Jaina studies are expanding and increasingly gaining in international recognition. Counterbalancing an earlier bias towards research on the Shvetambara community and on north-western India, there are a number of recent surveys on the Digambaras in the South. These studies, however, have generally neglected the modern State of Karnataka. This historically and culturally significant region, in which Jainism has played a major role, forms the focus of the present volume. Despite its emphasis on Digambara Jainism and on Karnataka, the book includes many references to other religious groups striving for supremacy in the region, and to neighbouring States in the wider area of South India.
In addition to the novel emphases in terms of religious and regional approach, this collection of thirteen research papers revolves around the question of what is heritage and who defines it. The scholarly contributions combine the latest findings from the three main disciplines of history, art and architecture, and religious studies—with ample citations from literature, epigraphy, archaeology and anthropology. In their entirety they widen our understanding of the concept of heritage and approach hitherto neglected areas of research. Particularly important are the contributions providing fresh evidence on political history, and the rise and subsequent relative decline of the Jaina community in the South. Equally significant are the investigations into neglected and so-far unknown areas of architectural history, combined with the provision of revised interpretations of known sites.

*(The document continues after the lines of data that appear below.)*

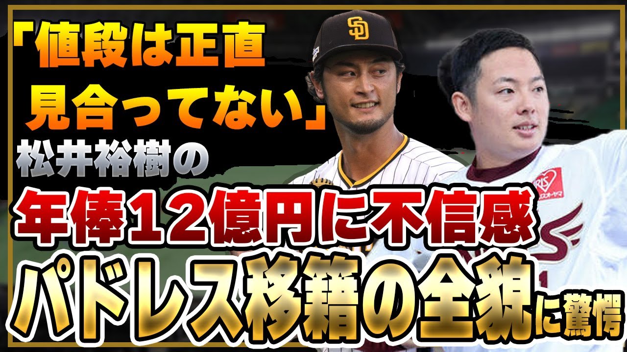 いますからねまたダルビッシュ選手は WBC期間中に日本代表の選手たちを連れ て試合会場となったマイアミのステーキ レストランで食事会を開催18日放送の フジテレビジャンクスポーツ2時間 スペシャルでは巨人都合選手が日本国内で も焼肉屋で食事会を行い 大谷翔平手当時エンゼルスとダルビッシュ 選手が支払いを担当していたと明かしてい ましたこうした恩義もあったのかもしれ ませんちなみにダルビッシュ選手はマイア での食事会はステーキレストランで味は 最高だったのですが簡単に言うと ぼったくられてとんでもない額になりまし たとXで告白しておりぼったくられた手法 についても現しっかりとしたレストラン だったんですがドサに紛れてとんでもない 額のワインを勝手に開けようとしていたり やり方が本当に汚かったです前編ではよく あると言われましたと具体的に説明してい ますこれを当たりにして頼れる兄貴分とし てももしかしたら見ているのかもしれませ んねちなみにダルビッシュ選手本人は松井 選手がパドレスに来ることは大歓迎な様子 で気になって眠れませんとX見て投稿して います米メディアでも確実と言われている ことからおそらくパドレスに入団するで あろう松井選手そんな井選手ですが 果たしてメジャーで通用するのか疑問視さ れていますというのも松井選手戦術しまし たが今期のWBCではメジャーの球に対応 できず非常に苦しんでいました特に請求に 苦しんでおりボールの切れも半減メジャー と日本ではボールが違うため対応に苦慮 するとは聞きますが特に松井選手は苦しん でおりこの点からもメジャーで活躍できる のか疑問視されている様子果たして松井 選手は通用するのでしょうか個人的な意見 にはなりますが通用すると思います最も ボールになれればの話ですが日本ではあれ ほど切れのあるストレートとスライダー チェンジアップを駆使して多くの脱三振を 奪っていた松井選手能力だけで言えば メジャーレベルに到達していると言えます ただボールの対応には他の選手に比べて 時間がかかる可能性が高いと思います松井 選手の武器は回転数の多さ ですがメジャーのボールは滑りやすく回転 をかけるのは最初かなり苦労するでしょう おまけに請求力の向上も務めなければなり ません線画選手も対応に時間がかかったと 話しており最初のうちはコントロールでき なかったと話していて毎日ボールを触って いたと明かしていますしWBCで対応に 苦慮していた点を考えると時間自体は
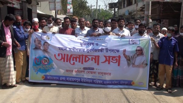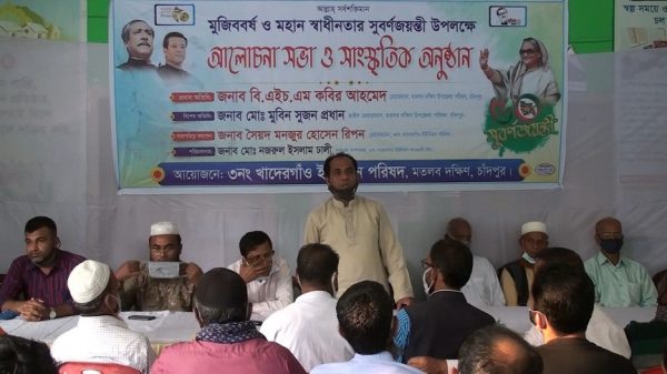 আবু সায়েম মস্টার : চাঁদপুরের মতলব দক্ষিণ উপজেলার খাদেরগাঁও ইউনিয়ন পরিষদের আয়োজিত মুজিববর্ষ ও মহান স্বাধীনতার সুবর্ণজয়ন্তী উপলক্ষে আলোচনা সভা ও মাস্ক বিতরণ অনুষ্ঠিত হয়েছে। বৃহস্পতিবার (৩ মার্চ) বিকালে ইউনিয়ন
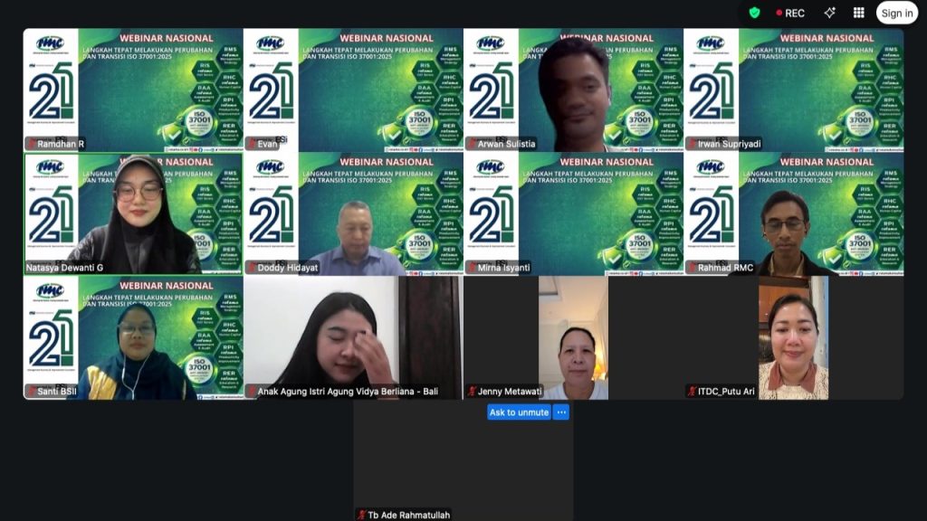 Menjawab kebutuhan tersebut, RMC berkolaborasi dengan PT Barometer Standar Industri Internasional (BSII) menyelenggarakan Webinar Nasional bertajuk “Langkah Tepat Melakukan Perubahan dan Transisi ISO 37001:2025” pada Jumat, 15 April 2026. Kegiatan ini menjadi forum strategis untuk memberikan pemahaman komprehensif kepada organisasi dalam menghadapi masa transisi standar terbaru secara terarah dan efektif.
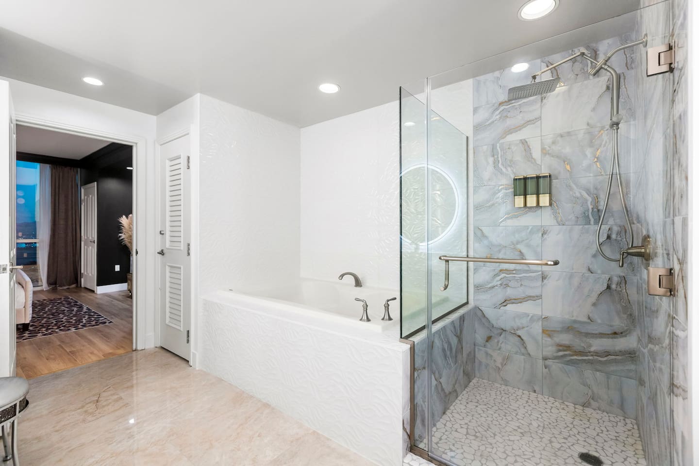 Welcome to our luxurious penthouse on the 22nd floor of the Signature MGM, recently remodeled with $100,000 in upgrades. - This Suite is in Tower 2 ( Tower A/B/C = 1/2/3 ) * 2 Separate Condos Side by Side ( Adjoined by Double Doors ) One Side is a 1 Bedroom Condo - The Other Side is a Studio Condo Both Condos are Joined Together by Double Doors that can Close/Open/Lock This Allows for the Option to enjoy 3 Private Sleeping Areas Or Open.
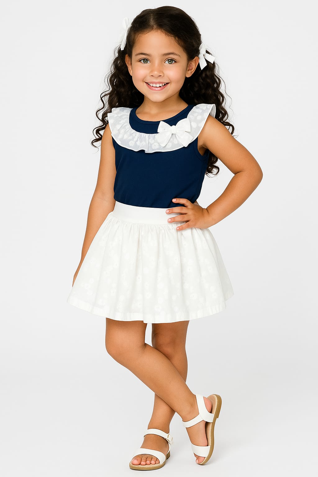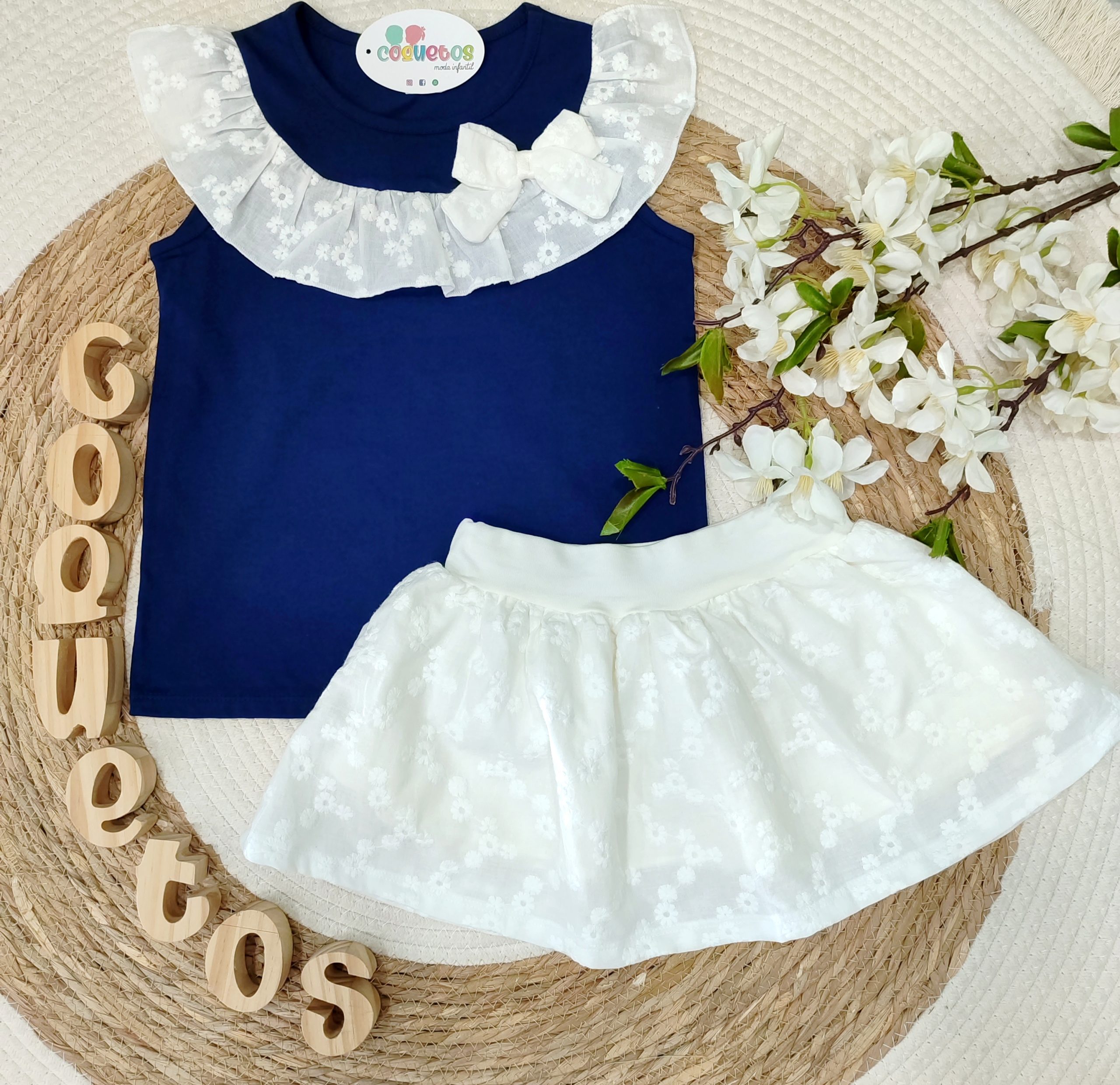 - La blusa sin mangas, en un elegante azul marino, destaca por su delicado volante blanco perforado con pequeños motivos florales, rematado con un lazo del mismo tejido, que aporta un toque dulce y encantador.
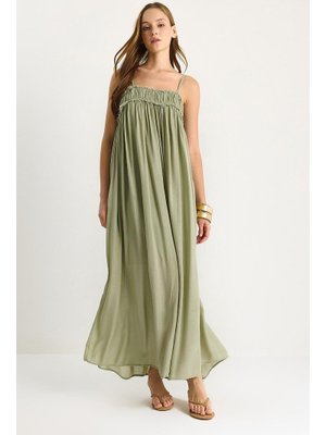 Bianco Lucci Çağla Yeşili Askılı Büzgülü Cep Detaylı Astarlı İnce Pamuklu Elbise
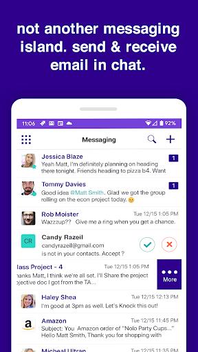 Great app. We can do email and messaging in one place using this app. Also can make voice/video calls. Great one which is getting better on every update.

The scholarly contributions from religious studies emphasise the distinction and resilience of the Digambara Jainas and outline religious change over a period stretching from the early centuries BCE to the present day.
By introducing new areas of enquiry, identifying important signifiers of heritage, reinterpreting earlier findings, drawing on modern South Asian studies, and combining research findings from across a number of academic fields in an interdisciplinary manner, this collection of specialist papers reveals new ways of seeing and understanding the splendour and complexities of the Jaina heritage. In doing so, it opens up a number of new questions concerning the construction and preservation of the heritages of other groups and regions of South Asia and the wider world as well.